Specifically, we show SDP-hiearchy based algorithms that provides arbitrarily good approximation to all these problems in time poly(n)*exp(r), where r is the number of eigenvalues in the constraintgraph larger than some constant threshold (depending on the accuracy parameter and type of constraint used).
In particular we get quasipolynomial algorithms for instances whose constraint graph is *hypercontractive*, as is the case for all the canonical "hard instances" for MAX-CUT and UNIQUE-GAMES. This gives more reason to consider relatively low (i.e. polylogarithmic) levels of SDP hierarchy as candidate algorithms for refuting Khot's Unique Games Conjecture.

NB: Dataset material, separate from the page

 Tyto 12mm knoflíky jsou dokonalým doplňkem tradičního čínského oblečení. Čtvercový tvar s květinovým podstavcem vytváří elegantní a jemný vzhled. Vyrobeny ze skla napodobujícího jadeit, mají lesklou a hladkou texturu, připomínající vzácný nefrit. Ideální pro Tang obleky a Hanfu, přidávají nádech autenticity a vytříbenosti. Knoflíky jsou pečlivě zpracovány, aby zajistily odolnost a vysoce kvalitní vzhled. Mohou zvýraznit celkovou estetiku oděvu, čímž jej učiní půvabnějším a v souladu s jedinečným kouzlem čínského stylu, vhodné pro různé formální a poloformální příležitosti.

Joint work with Prasad Raghavendra and David Steurer. |
May 3 |
Amin Saberi Stanford |
A Randomized Rounding Approach to the Traveling Salesman Problem
For some positive constant c, we give a 3/2-c approximation algorithm for the following problem: given a graph G(V; E), find the shortest tour that visits every vertex at least once. This is a special case of the metric traveling salesman problem when the underlying metric is defined by shortest path distances in G. The result improves on the 3/2 -approximation algorithm due to Christodes.
Joint work with M. Singh and S. Oveis Gharan |
May 10 |
Zvika Brakerski Weizmann and MIT |
Efficient Fully Homomorphic Encryption from (Standard) LWE
In fully homomorphic encryption, it is possible to transform an encryption of a message, $m$, into an encryption of any (efficient) function of that message, $f(m)$, without knowing the secret key. This property makes it into a very useful cryptographic building block.

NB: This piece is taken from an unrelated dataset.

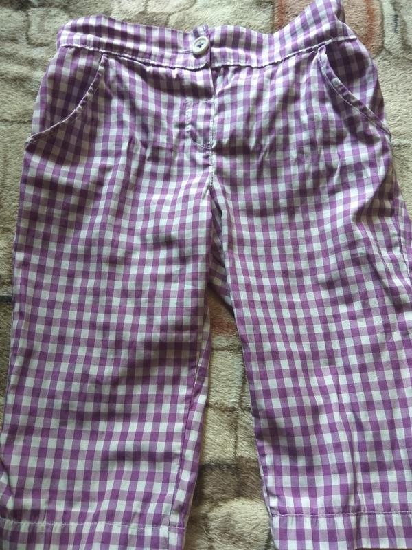 Отличные коттоновые бриджи на девочку ростом 98 см. В очень хорошем состоянии. Ткань плотная. Сзади в поясе есть широкая резинка. Длина - 39 см, шаговый шов - 22 см.

We present a fully homomorphic encryption scheme that is based solely on the (standard) learning with errors (LWE) assumption. Applying known results on LWE, the security of our scheme is based on the worst-case hardness of short vector problems on arbitrary lattices. As icing on the cake, our scheme is quite efficient, and has very short ciphertexts.
Our construction improves upon previous works in two aspects:
1. We show that ``somewhat homomorphic'' encryption can be based on LWE, using a new {\em re-linearization} technique. In contrast, all previous schemes relied on complexity assumptions related to ideals in various rings.
2. More importantly, we deviate from the ``squashing paradigm'' used in all previous works. We introduce a new {\em dimension reduction} technique, which shortens the ciphertexts and reduces the decryption complexity of our scheme, without introducing additional assumptions. In contrast, all previous works required an additional, very strong assumption (namely, the sparse subset sum assumption).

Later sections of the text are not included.